Round 51: Tree Coloring

Root level: (k chooses 1 + # neighbor) Other non-leaves level: (k - 2 chooses # neighbors) leaf level : 1

The answer is the product of all. Note need to calcualte N choose k in linear time

Round 49: Max Substring

count # of appearance for each char. For each char in a-z, we increase the length of guesses 1 by 1, until we hit prev same char or reachs index -1, or the position at that char is different

Round 49: Amusement Park

DP on the expected value, Ex(t, a). Note the boundary coniditon => Ex(0, x) = 0

Ex(t, a) = 1 + Pr(t, a) * (Ex(t, a + 1)) + (1 -Pr(t, a)) * Ex(t -1, a +1)

Round 47: Gcd Rebuild

Init base U, V factors to 1 For each V, just calculate the LCM of the i-row. For each U, just calculate the LCM of the i-column.

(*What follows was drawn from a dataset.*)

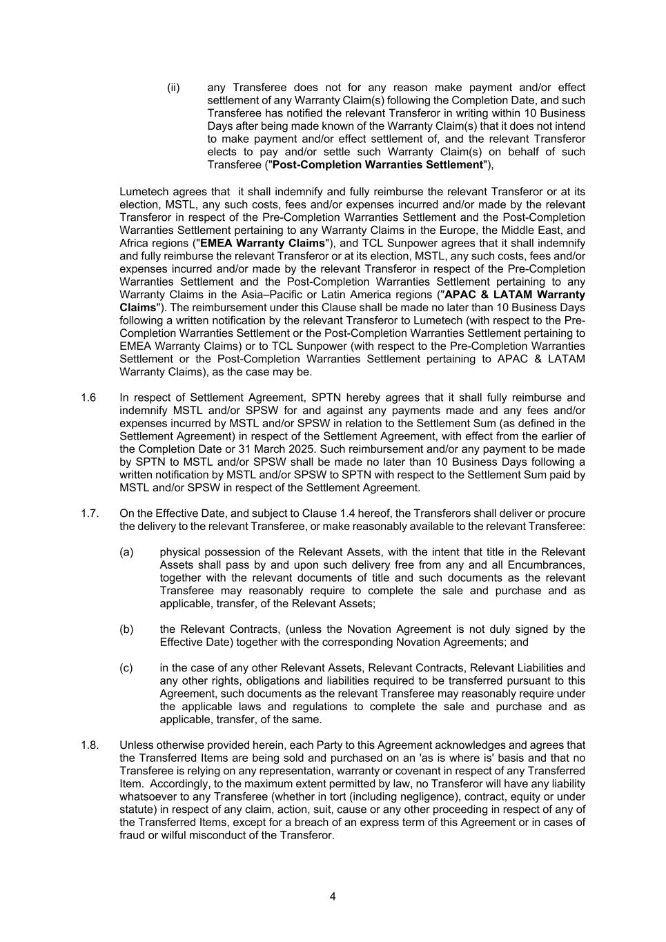4(ii)任何受让人在完成日期后不以任何理由就任何质保索赔进行付款和/或生效结算,且该受让人在获悉质保索赔后10个营业日内已书面通知相关转让人其无意进行付款和/或生效结算,且相关转让人选择代表该受让人支付和/或结算该等质保索赔(“完成后质保结算”),Lumetech同意其应赔偿并全额偿还相关转让人或其选择的MSTL的任何此类费用,相关转让方就欧洲、中东和非洲地区的任何保修索赔(“EMEA保修索赔”)相关的竣工前保修结算和竣工后保修结算发生和/或发生的费用,TCL SunPower同意对相关转让方或其选择的MSTL进行赔偿并全额偿还任何此类费用,相关转让方就亚洲-太平洋或拉丁美洲区域的任何担保索赔(“APAC & LATAM担保索赔”)相关的完成前担保结算和完成后担保结算产生和/或支付的费用和/或费用。本条款下的偿付应不迟于相关转让方向Lumetech(就与EMEA质保索赔有关的完成前担保结算或完成后担保结算)或TCL Sunpower(就与APAC & LATAM质保索赔有关的完成前担保结算或完成后担保结算)(视情况而定)发出书面通知后10个工作日内进行。1.6就和解协议而言,SPTN特此同意,就MSTL和/或SPSW就和解协议所支付的任何款项以及MSTL和/或SPSW就和解金额(定义见和解协议)所产生的任何费用和/或开支,自完成日或2025年3月31日(以较早者为准)起,全额偿还和赔偿MSTL和/或SPSW。此类偿还和/或SPTN向MSTL和/或SPSW支付的任何款项应不迟于MSTL和/或SPSW就MSTL和/或SPSW就和解协议支付的和解款项向SPTN发出书面通知后的10个工作日内支付。1.7.在生效日期,并在不违反本条款第1.4条的情况下,转让人应向相关受让方交付或促使交付,或向相关受让方合理提供:(a)对相关资产的实物占有,意图使相关资产上的所有权在交付时经过且在交付时不受任何和所有产权负担,连同相关所有权文件和相关受让方为完成相关资产的出售和购买以及在适用情况下的转让可能合理要求的文件;(b)相关合同,(除非Novation协议未在生效日期前正式签署)连同相应的Novation协议;及(c)就任何其他相关资产、相关合同、相关负债以及根据本协议要求转让的任何其他权利、义务和负债而言,相关受让人根据适用法律法规可能合理要求的文件,以完成出售和购买以及在适用情况下进行转让。1.8.除非本协议另有规定,本协议的每一方均承认并同意,转让的物品是在“原样”的基础上进行销售和购买的,并且任何受让人都不依赖任何关于任何转让物品的任何陈述、保证或契约。因此,在法律允许的最大范围内,除违反本协议的明确条款或转让人的欺诈或故意不当行为的情况外,任何转让人都不会就任何转让物品的任何索赔、诉讼、诉讼、因由或任何其他程序对任何受让人(无论是侵权(包括疏忽)、合同、股权或法规)承担任何责任。

Note that we act greedily here, if other numbers are possibles, they must be a multiple of LCM anyway. So we just try LCM to reduce the likelyhood of OOB

And then run through the UV matrix again to verify

Round 47: Expected Merge

DP on Ex(l), use a vector to store the length, since each will be visited only once. The overall cost will be same as merge sort

Consider calc(l)

for i in  0 to l
ans[i] += l

calc(l/2)

if(l is even){

for (j, 0, l/2)
	ans[j] += Ex(j, l/2)

for(j, 0, l/2)
	ans[l/2 + j] += Ex(j, l/2)
}else if(l is odd){

calc(l/2 + 1)

for (j, 0, l/2)
	ans[j] += 1/2(Ex(j, l/2) + Ex(j, l/2 + 1)

//middle one is special
ans[l/2]  = 1/2(Ex(l/2 - 1, l/2) + Ex(0, l/2 + 1))

for(j, 0, l/2){
	ans[l/2  + 1 + j] += 1/2(Ex(j, l/2) + Ex(j + 1, l/2 + 1)) 
}

Round 54: Pair Swap

Maintain a heap of next k entries, we will swap with current head and break if

  1. heap top < current head

  2. heap top is maximal in the heap, but within the range

The moment we find it we can stop

Note: official solution uses a dequeue!!!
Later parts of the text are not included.